A partir de ces différents cadres théoriques complémentaires, mon projet peut donc se définir comme une contribution à une histoire sociale du pouvoir dans le SED et le KSČ. Un tel projet peut se décomposer en plusieurs questions.

Il faut d’abord se demander qui sont les membres du parti en tant que groupe déterminé.

Sur ce point, les travaux de Jiří Maňák sur le KSČ, que je citerai abondamment, constituent une aide considérable. En revanche, il n’existe pas de travaux équivalents pour le SED : celui- ci est encore une « boîte noire »73. La question de la composition et de l’évolution des effectifs du parti renvoie à celle de leur inscription sociale : que nous dit le taux d’appartenance au parti en fonction du secteur sur la présence des partis communistes et donc sur leurs rapports aux sociétés respectives dans lesquelles ils existent ? La question de la composition renvoie aussi aux trajectoires sociales individuelles et collectives de leurs membres : que signifiait être membre du parti du point de vue de l’origine sociale, de la carrière professionnelle et du statut social en général ? Pour reprendre les concepts traditionnels de la sociologie bourdieusienne, le parti est une instance où se définit la nature et l’attribution du capital politique.

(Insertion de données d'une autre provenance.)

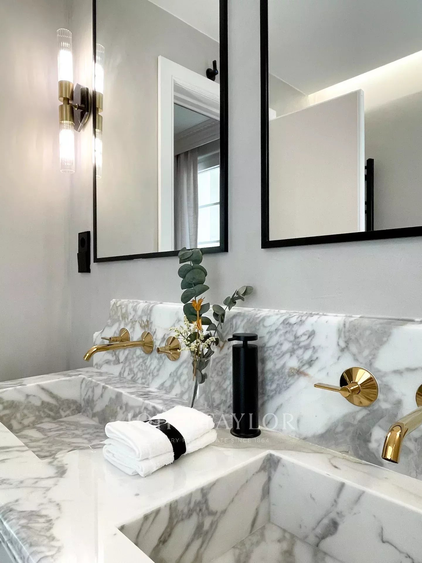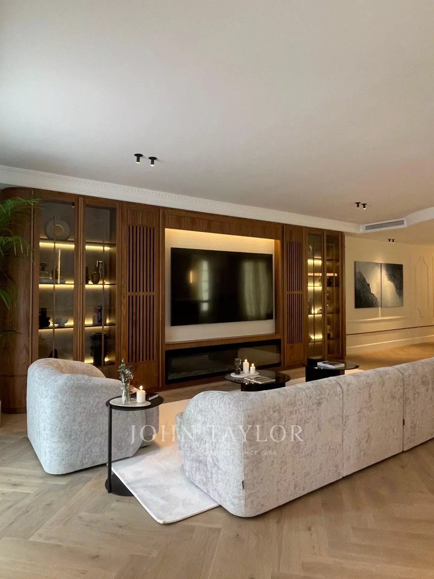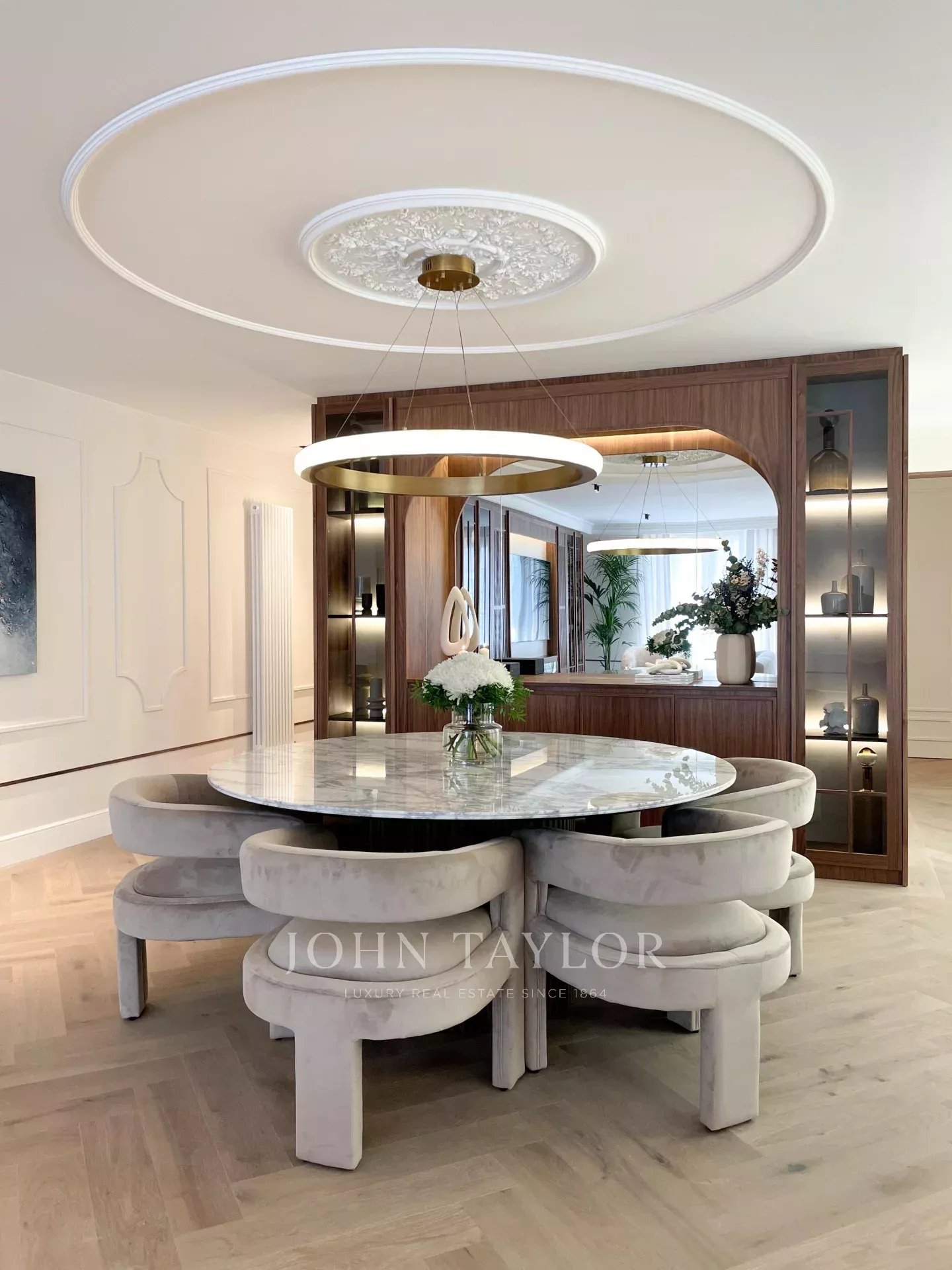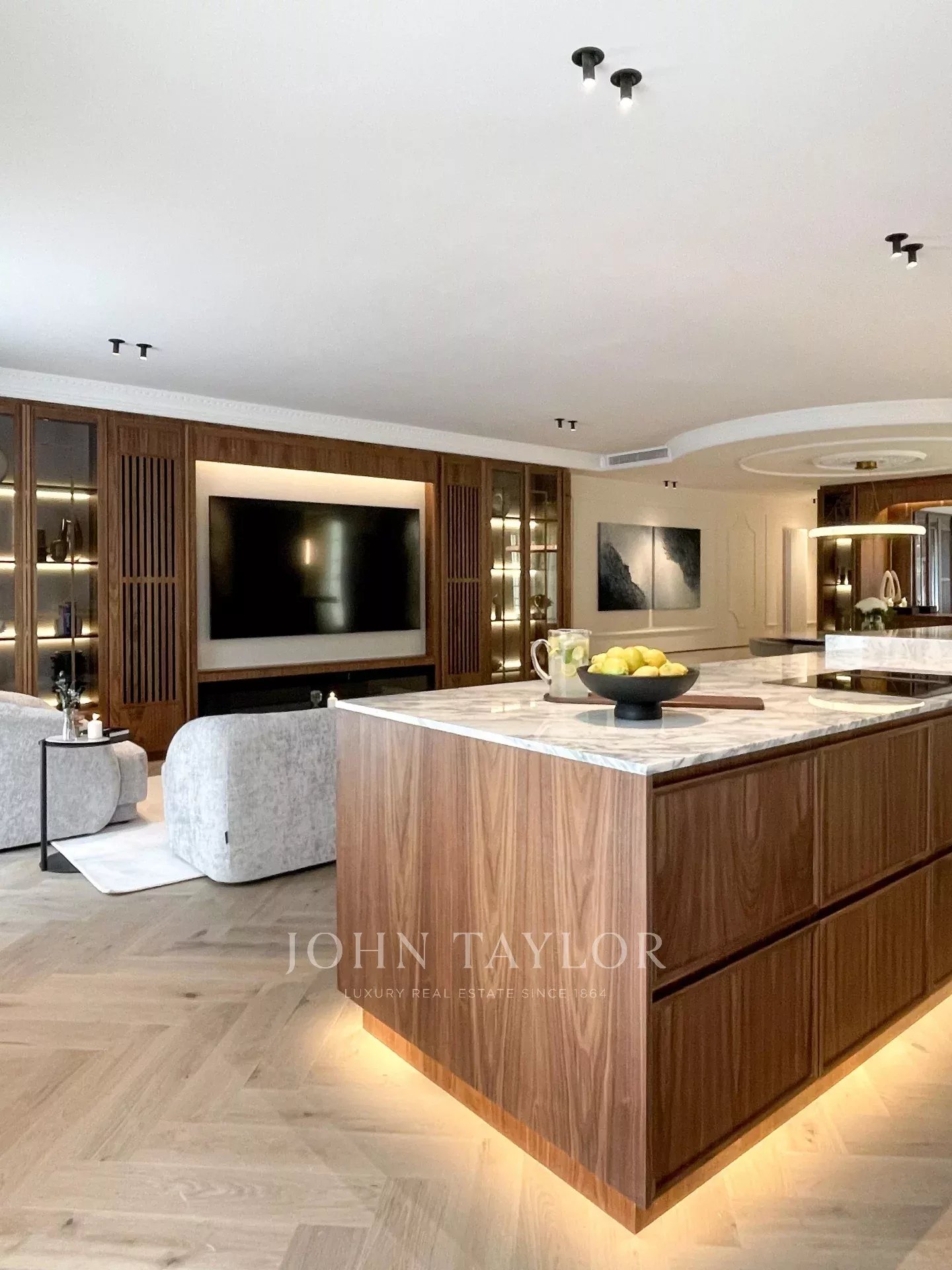 Wir betreten die Wohnung durch einen großen Empfangsbereich. Auf der linken Seite befindet sich der Sozialbereich mit einem großen Wohnzimmer, einem Esszimmer und einer offenen, voll ausgestatteten Küche mit einer großen Insel in der Mitte und einer separaten Waschküche. In diesem Bereich gibt es auch eine Gästetoilette.

Les régimes communistes naissent de la délégitimation radicale des autres formes de capital74, mais ne perdurent qu’en arrivant à faire cohabiter, et d’abord en leur sein, le capital politique avec les autres formes de capitaux, principalement le capital culturel.

71 C’est la thèse de Bernard Manin dans Principes du gouvernement représentatif (Paris: Calmann-Lévy, 1995).

72 Jacques Lagroye, « Les processus de politisation », dans La politisation, éd. par Jacques Lagroye (Paris: Belin, 2003), p.360.

73 Jens Gieseke, « Die Einheit von Wirtschafts-, Sozial- und Sicherheitpolitik. Militarisierung und Überwachung als Probleme einer DDR-Sozialgeschichte der Ära Honecker », Zeitschrift für Geschichtswissenschaft 11 (2003): pp.1004–1010.

74 Bernard Pudal et Claude Pennetier, « La volonté d’emprise. Le référentiel biographique stalinien et ses usages dans l’univers communiste (éléments de problématique) », dans Autobiographies, autocritiques, aveux dans le monde communiste, éd. par Bernard Pudal et Pennetier (Paris: Belin, 2002), p.17.